:: ACTIVITY ::
Would you reproduce each line below exactly, leaving every picture out?

── DATA EXTRACT

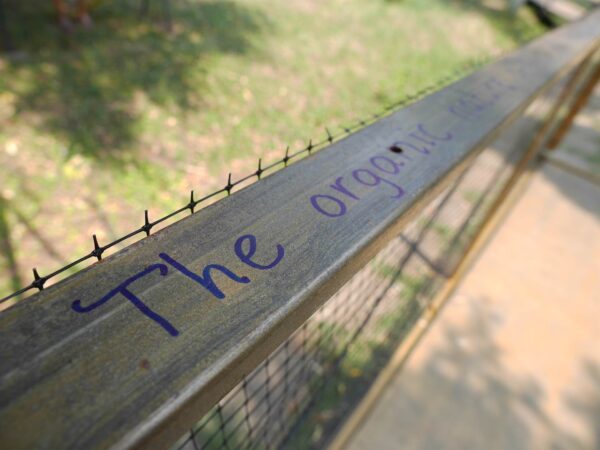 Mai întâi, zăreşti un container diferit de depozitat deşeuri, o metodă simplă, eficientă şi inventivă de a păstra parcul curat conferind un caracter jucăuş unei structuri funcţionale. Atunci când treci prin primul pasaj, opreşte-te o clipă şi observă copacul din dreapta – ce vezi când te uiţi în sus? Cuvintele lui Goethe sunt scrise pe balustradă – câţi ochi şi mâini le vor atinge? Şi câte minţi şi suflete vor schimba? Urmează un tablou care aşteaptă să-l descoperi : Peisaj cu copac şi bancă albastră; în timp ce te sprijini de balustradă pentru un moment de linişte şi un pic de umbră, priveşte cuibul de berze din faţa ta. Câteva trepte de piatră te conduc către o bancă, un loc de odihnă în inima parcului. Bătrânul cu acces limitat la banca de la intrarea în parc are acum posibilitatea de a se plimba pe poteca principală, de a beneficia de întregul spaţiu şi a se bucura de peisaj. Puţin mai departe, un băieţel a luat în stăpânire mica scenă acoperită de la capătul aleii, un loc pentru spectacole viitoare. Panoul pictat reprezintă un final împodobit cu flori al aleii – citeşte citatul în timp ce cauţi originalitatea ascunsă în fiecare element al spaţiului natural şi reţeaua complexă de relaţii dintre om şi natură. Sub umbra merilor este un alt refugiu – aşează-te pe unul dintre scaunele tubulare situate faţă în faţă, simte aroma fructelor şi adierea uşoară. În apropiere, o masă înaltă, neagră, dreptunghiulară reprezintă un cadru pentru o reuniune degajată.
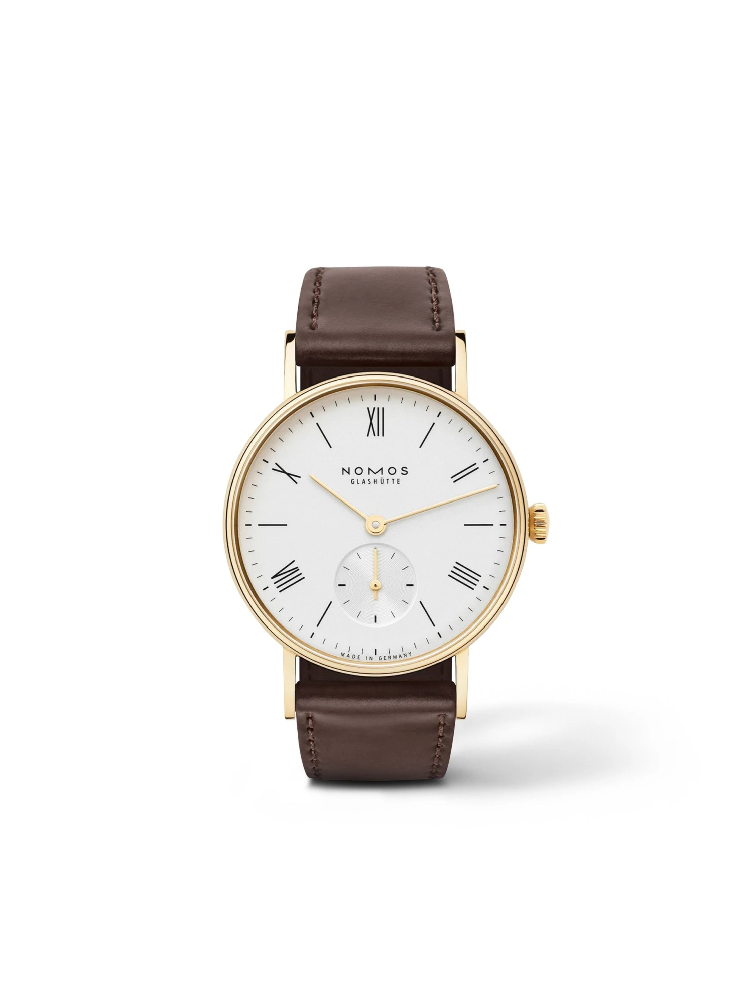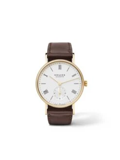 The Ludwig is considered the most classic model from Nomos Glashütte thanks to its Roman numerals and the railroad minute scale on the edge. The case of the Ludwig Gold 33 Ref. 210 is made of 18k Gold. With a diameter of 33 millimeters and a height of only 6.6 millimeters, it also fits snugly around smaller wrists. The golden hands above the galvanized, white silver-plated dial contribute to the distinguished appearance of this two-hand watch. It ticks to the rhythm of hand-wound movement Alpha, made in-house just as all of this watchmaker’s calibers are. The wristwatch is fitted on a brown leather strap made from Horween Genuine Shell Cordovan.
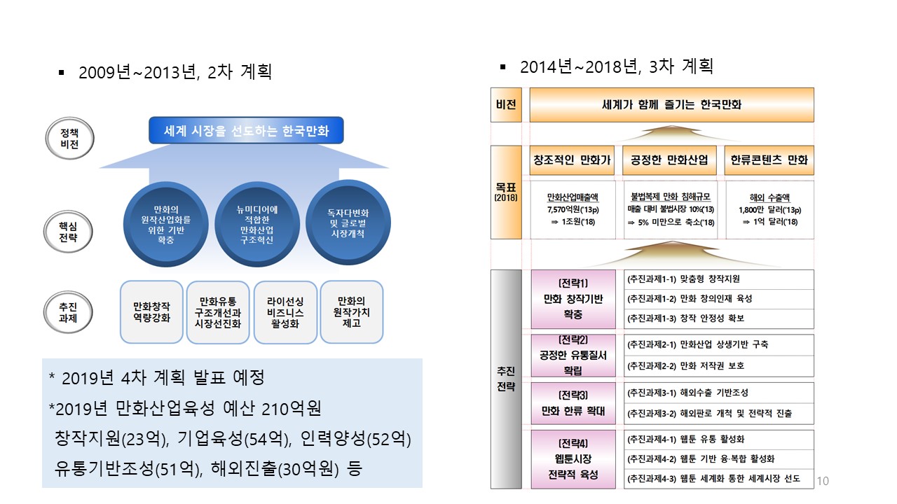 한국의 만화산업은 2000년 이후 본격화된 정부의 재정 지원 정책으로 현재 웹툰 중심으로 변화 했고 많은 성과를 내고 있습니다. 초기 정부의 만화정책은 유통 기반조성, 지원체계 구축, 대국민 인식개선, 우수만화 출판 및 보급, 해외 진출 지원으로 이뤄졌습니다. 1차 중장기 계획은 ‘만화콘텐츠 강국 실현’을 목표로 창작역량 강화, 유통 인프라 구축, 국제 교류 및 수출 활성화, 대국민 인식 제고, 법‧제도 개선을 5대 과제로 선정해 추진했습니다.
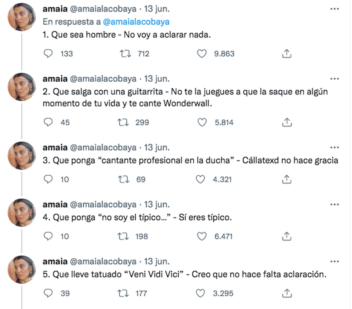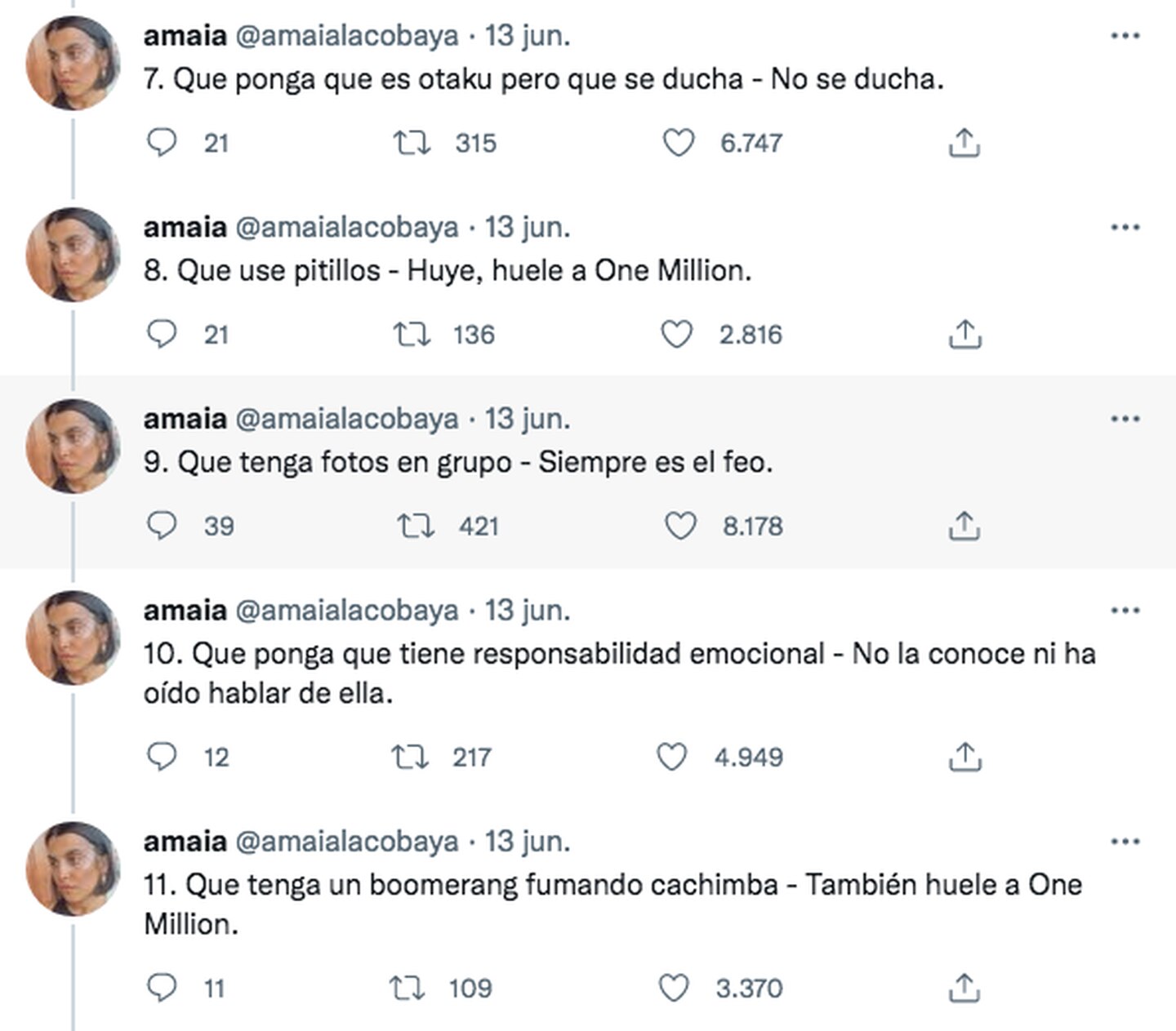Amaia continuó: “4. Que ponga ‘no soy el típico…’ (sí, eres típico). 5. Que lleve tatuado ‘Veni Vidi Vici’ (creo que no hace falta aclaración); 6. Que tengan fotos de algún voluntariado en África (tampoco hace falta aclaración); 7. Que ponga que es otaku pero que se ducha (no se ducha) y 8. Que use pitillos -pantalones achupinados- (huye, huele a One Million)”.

────

:: ANSWER BOX ::
 Mai întâi, zăreşti un container diferit de depozitat deşeuri, o metodă simplă, eficientă şi inventivă de a păstra parcul curat conferind un caracter jucăuş unei structuri funcţionale. Atunci când treci prin primul pasaj, opreşte-te o clipă şi observă copacul din dreapta – ce vezi când te uiţi în sus? Cuvintele lui Goethe sunt scrise pe balustradă – câţi ochi şi mâini le vor atinge? Şi câte minţi şi suflete vor schimba? Urmează un tablou care aşteaptă să-l descoperi : Peisaj cu copac şi bancă albastră; în timp ce te sprijini de balustradă pentru un moment de linişte şi un pic de umbră, priveşte cuibul de berze din faţa ta. Câteva trepte de piatră te conduc către o bancă, un loc de odihnă în inima parcului. Bătrânul cu acces limitat la banca de la intrarea în parc are acum posibilitatea de a se plimba pe poteca principală, de a beneficia de întregul spaţiu şi a se bucura de peisaj. Puţin mai departe, un băieţel a luat în stăpânire mica scenă acoperită de la capătul aleii, un loc pentru spectacole viitoare. Panoul pictat reprezintă un final împodobit cu flori al aleii – citeşte citatul în timp ce cauţi originalitatea ascunsă în fiecare element al spaţiului natural şi reţeaua complexă de relaţii dintre om şi natură. Sub umbra merilor este un alt refugiu – aşează-te pe unul dintre scaunele tubulare situate faţă în faţă, simte aroma fructelor şi adierea uşoară. În apropiere, o masă înaltă, neagră, dreptunghiulară reprezintă un cadru pentru o reuniune degajată.
 The Ludwig is considered the most classic model from Nomos Glashütte thanks to its Roman numerals and the railroad minute scale on the edge. The case of the Ludwig Gold 33 Ref. 210 is made of 18k Gold. With a diameter of 33 millimeters and a height of only 6.6 millimeters, it also fits snugly around smaller wrists. The golden hands above the galvanized, white silver-plated dial contribute to the distinguished appearance of this two-hand watch. It ticks to the rhythm of hand-wound movement Alpha, made in-house just as all of this watchmaker’s calibers are. The wristwatch is fitted on a brown leather strap made from Horween Genuine Shell Cordovan.
 한국의 만화산업은 2000년 이후 본격화된 정부의 재정 지원 정책으로 현재 웹툰 중심으로 변화 했고 많은 성과를 내고 있습니다. 초기 정부의 만화정책은 유통 기반조성, 지원체계 구축, 대국민 인식개선, 우수만화 출판 및 보급, 해외 진출 지원으로 이뤄졌습니다. 1차 중장기 계획은 ‘만화콘텐츠 강국 실현’을 목표로 창작역량 강화, 유통 인프라 구축, 국제 교류 및 수출 활성화, 대국민 인식 제고, 법‧제도 개선을 5대 과제로 선정해 추진했습니다.
Amaia continuó: “4. Que ponga ‘no soy el típico…’ (sí, eres típico). 5. Que lleve tatuado ‘Veni Vidi Vici’ (creo que no hace falta aclaración); 6. Que tengan fotos de algún voluntariado en África (tampoco hace falta aclaración); 7. Que ponga que es otaku pero que se ducha (no se ducha) y 8. Que use pitillos -pantalones achupinados- (huye, huele a One Million)”.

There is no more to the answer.